(PROBLEM REQUIREMENTS)
What is needed is an exact copy of the listing, with no pictures in it.

(SUPPLIED INFORMATION)

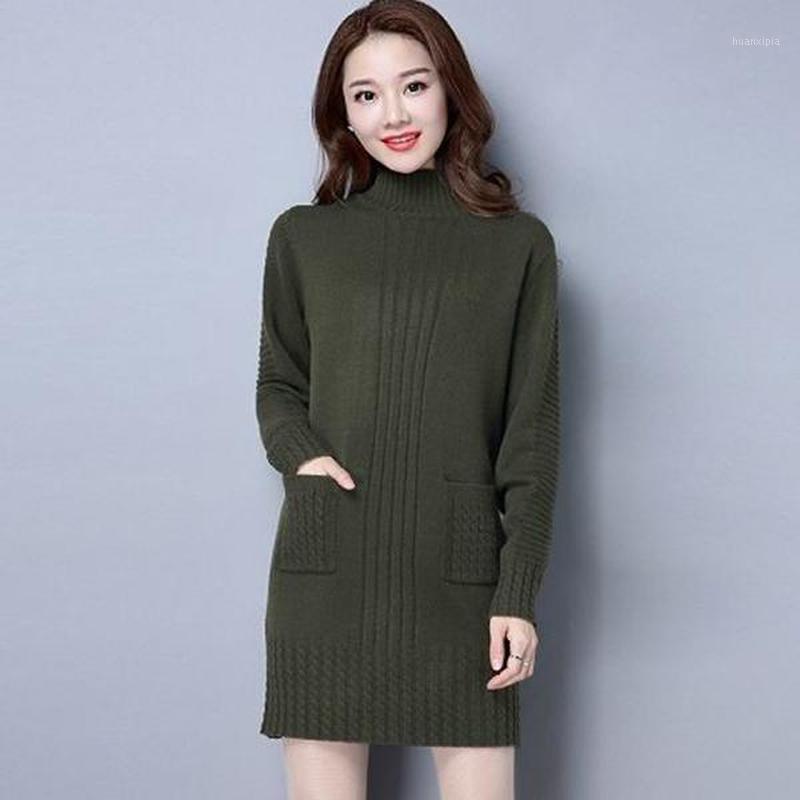High Collar Sweater Winter Knitting Sweaters Round Neck Large Size Sweater Skirt Woman Medium and Long Section1, Green
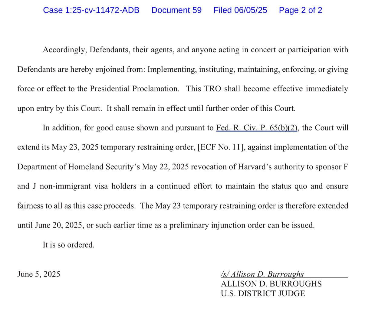 BREAKING: Judge Burroughs grants a temporary restraining order blocking Trumpâs effort to block foreign students from attending Harvard. storage.courtlistener.com/recap/gov.us...
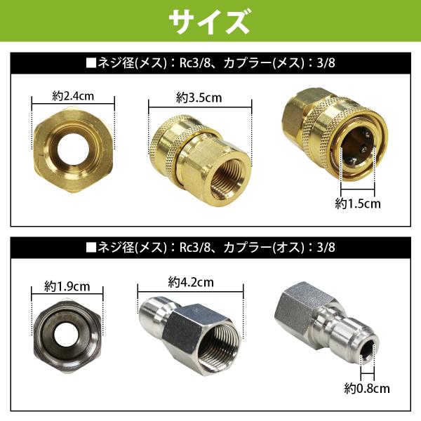 ワンタッチ カプラ 3/8 海外規格 カプラー オス メス セット アダプター 汎用 高圧洗浄機 エアーホース 高圧ホース 延長 接続

(SOLUTION TO THIS EXERCISE)
High Collar Sweater Winter Knitting Sweaters Round Neck Large Size Sweater Skirt Woman Medium and Long Section1, Green
 BREAKING: Judge Burroughs grants a temporary restraining order blocking Trumpâs effort to block foreign students from attending Harvard. storage.courtlistener.com/recap/gov.us...
 ワンタッチ カプラ 3/8 海外規格 カプラー オス メス セット アダプター 汎用 高圧洗浄機 エアーホース 高圧ホース 延長 接続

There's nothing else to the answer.